Content starts

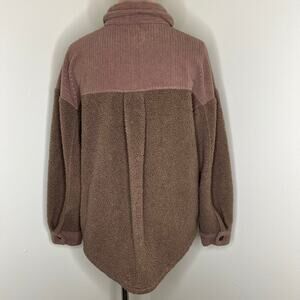 Simply Southern Shacket Large Womens Sherpa Jacket Brown Button Chenille Pockets
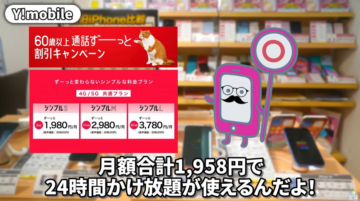 - 60歳以上なら通話かけ放題オプションが月額880円
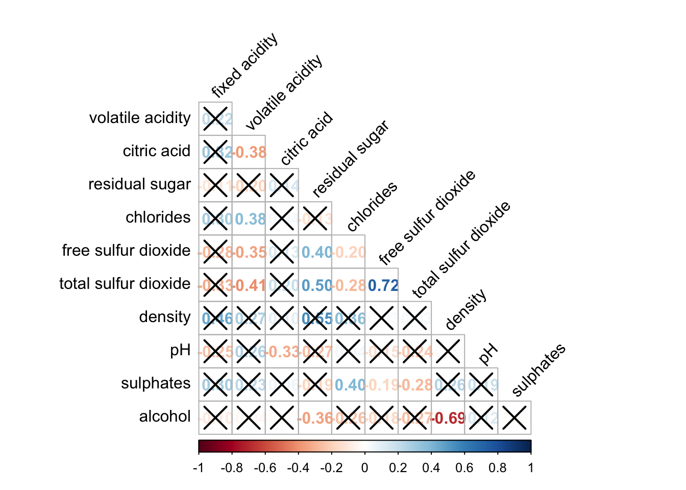 wine.sig = cor.mtest(wine.cor, conf.level= .95)corrplot(wine.cor,

Content ends

EXERCISE DETAILS:
Exclude the images and reproduce the remaining data exactly.

OUTPUT FOR THIS EXERCISE:
 Simply Southern Shacket Large Womens Sherpa Jacket Brown Button Chenille Pockets
 - 60歳以上なら通話かけ放題オプションが月額880円
 wine.sig = cor.mtest(wine.cor, conf.level= .95)corrplot(wine.cor,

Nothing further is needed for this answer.